今回ご紹介する本は、クスクス笑えるおもしろエッセイの名手・佐藤愛子さんの『九十歳。何がめでたい』という本です。佐藤さんって、性格がいい意味でも悪い意味でも本当に「自分」がハッキリしている人で、読んでいるとそのお人柄と考え方に、勇気づけられることがいっぱい。

春って、傷つくことも多くないですか?

知らない人だらけの職場、はじめて通うようになる駅、仲良かった友達との別れとかぜんぜん性格会わない人との人付き合い、仕事も環境も慣れないことばかりで、小さな失敗が増えて「あぁー!」って疲れることがちょっと増えるような気がしているんですけれど、そんな時に佐藤さんの力強さをこれを読みながら分けてもらうといいかもって思います。

たとえば、佐藤さん、かつて無言電話の被害にあわれていたそうなんですけれど、女性からしたら、このストーカー系ってかなり怖いじゃないですか。私も一人暮らしの時、何度この手の問題にビビっていたことか…って思うんですけれど、佐藤さんのすごいところは、警察に行って相手の番号を突き止めて、やり返しちゃうっていうところ。「えーーー!」でしょ。「えーーー!」なんですよ。そうは、ならないじゃないですか。かけて、どうする?怖いじゃない。

「ハイ、もスもス」
と男の声が出て来た。こういう声の奴だったのか!若いような、中年のような、暗くもなく明るくもないありふれた声である。
私、ダンマリ。 引用:九十歳。何がめでたい (小学館)懐かしいいたずら電話より

なんども「えーーー!」でしょ(笑)いいとか、わるいとか、道徳的理論は置いておくとして、スゴイ行動力に、ただただびっくり。

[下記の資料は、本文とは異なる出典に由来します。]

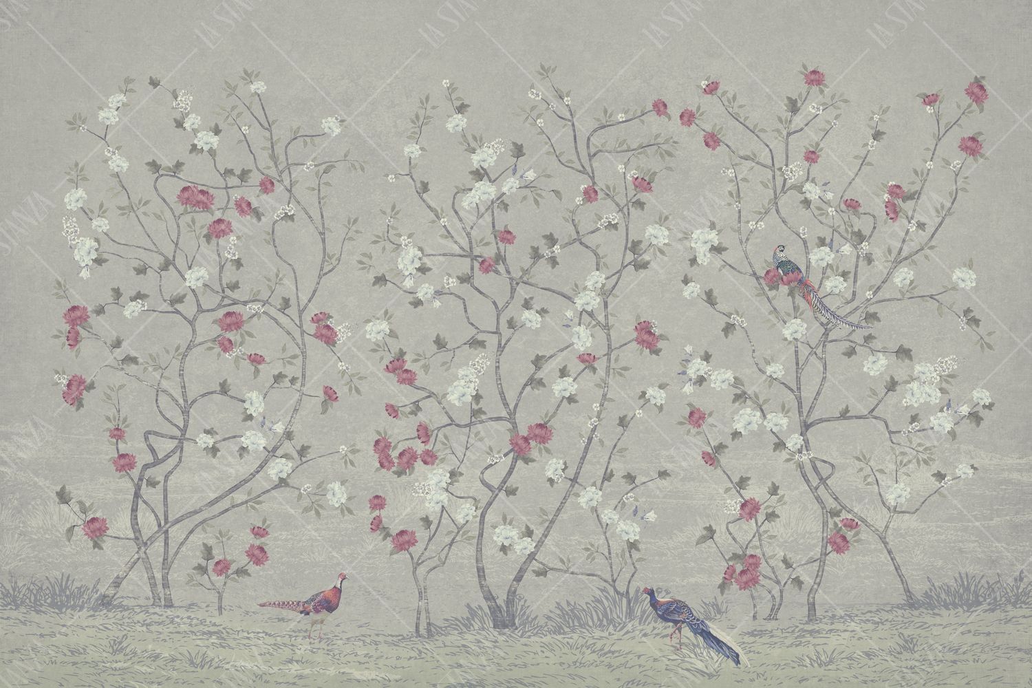 Фреска Цветущие деревья, птицы, стиль шинуазри
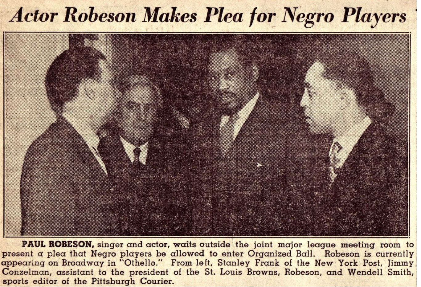 In 1933, The Pittsburgh Courier’s Chester Washington ran a four-month feature with interviews of white players and executives about the color line in baseball. Wendell Smith, who joined the newspaper in 1937, used his sports column to call for integration, and lobbied MLB executives behind the scenes about which Black ball players they should try out.

それから何日か、暇を見てはそれを行った。一人暮らしなのか、いつも同じもスもスが出てくる。そして無言電話はかからかくなった。私は被害者から加害者に転じたのである。
引用:九十歳。何がめでたい (小学館)懐かしいいたずら電話より

「…つ、強すぎる!」

半沢直樹よりもとっくの昔に倍返しを実践していた女性が佐藤愛子さんです。カッコいいなと思いました。スっとおでかけする方の行動力はあるけれど、陰湿ないやがらせに真っ向から立ち向かう方の行動力は全く持ち合わせていないので、いろんなリスペクトと妙なパワーが沸き上がってくる本です。

心が折れそうなときは、遠くを見て元気をだそう

同じようにはなかなか生きられないけれど、それでもこんな風に歳をとって、元気なおばあちゃんになりたいな!っていう、私の最近の憧れロールモデル。それがこの本を書かれている佐藤愛子さん。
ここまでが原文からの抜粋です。